Effort aims to attract doctors to other islands
By Greg Wiles
Advertiser Staff Writer
A John A. Burns School of Medicine program designed to get more family doctors interested in working on the Neighbor Islands will begin later this year, helped by $535,000 of funding from the HMSA Foundation.
The school yesterday said it will expand its family medicine residency program for doctors who wish to work in rural and underserved areas to Hilo and has plans to expand it to other islands as more funding becomes available.
"This is a first step toward solving shortages of doctors on the Neighbor Islands," said Gregg Takayama, spokesman for the medical school. "We've been wanting to do it for years. What's been lacking has not been the will but the resources."

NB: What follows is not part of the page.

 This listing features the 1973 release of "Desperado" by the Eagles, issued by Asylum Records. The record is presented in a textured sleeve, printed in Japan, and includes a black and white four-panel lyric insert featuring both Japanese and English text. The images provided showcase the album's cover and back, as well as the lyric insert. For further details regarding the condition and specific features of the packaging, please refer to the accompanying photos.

The medical school hopes to encourage more physicians to locate to the Neighbor Islands by having people in its family medicine residency program spend time practicing on the Neighbor Islands. The school said doctors tend to set up practices in areas where they complete their residency training.
More than $300,000 of the HMSA Foundation's money will be provided in the first year of the program, helping to pay salaries and set up offices and equipment for residents who will work at a clinic attached to the Hilo Medical Center, Takayama said. He said Hilo was selected because it has the most pressing need for physicians and that the school hopes to expand the program in coming years to Maui and Kaua'i.

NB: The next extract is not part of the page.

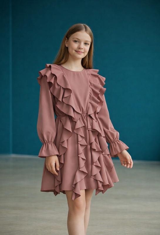через кнопку купить только полная оплата!!! Платье, которое делает образ нежным и особенным с первого взгляда ✨ Легкая, воздушная и невероятно приятная к телу - создана для комфорта и красоты каждый день 🤍 ✔ Талия на резиночке - удобно и красиво садится по фигуре ✔ Ткань super soft - мягкость, которую хочется чувствовать снова и снова ✔ Трендовые рюши - добавляют вау-эффект образа Идеальный вариант для праздников, прогулок и фотосессий 🌸 ЗАМІРИ ⤵️ +/- 1-2см!!! р.140- длина платья от плеча 70см/ рукав от плечевого шва 48см/ ПОГ 35см/ ширина талии 21см (тянется до 35см)/ длина юбки 39см. р.146- длина платья от плеча 73см/ рукав от плечевого шва 52см/ ПОГ 36см/ ширина талии 24см (тянется до 39см)/ длина юбки 40см р.152- длина платья от плеча 76см/ рукав от плечевого шва 53см/ ПОГ 37см/ ширина талии 25см (тянется до 40см)/ длина юбки 41см р.158- длина платья от плеча 77см/ рукав от плечевого шва 57см/ ПОГ 37см/ ширина талии 25см (тянется до 40см)/ длина юбки 42см Д-арт: 1736 Кр

A measure pending at the Legislature would provide another $140,000 for the program. More support may come from the Centers for Medicare & Medicaid Services and from sponsoring hospitals, the school said.
Big Island Mayor Harry Kim said the program will add quickly to the number of family doctors on the Big Island. He said the county was pleased the University of Hawai'i's medical school, HMSA and Hilo Medical Center had come up with a way to help address a healthcare crisis in Hawai'i County.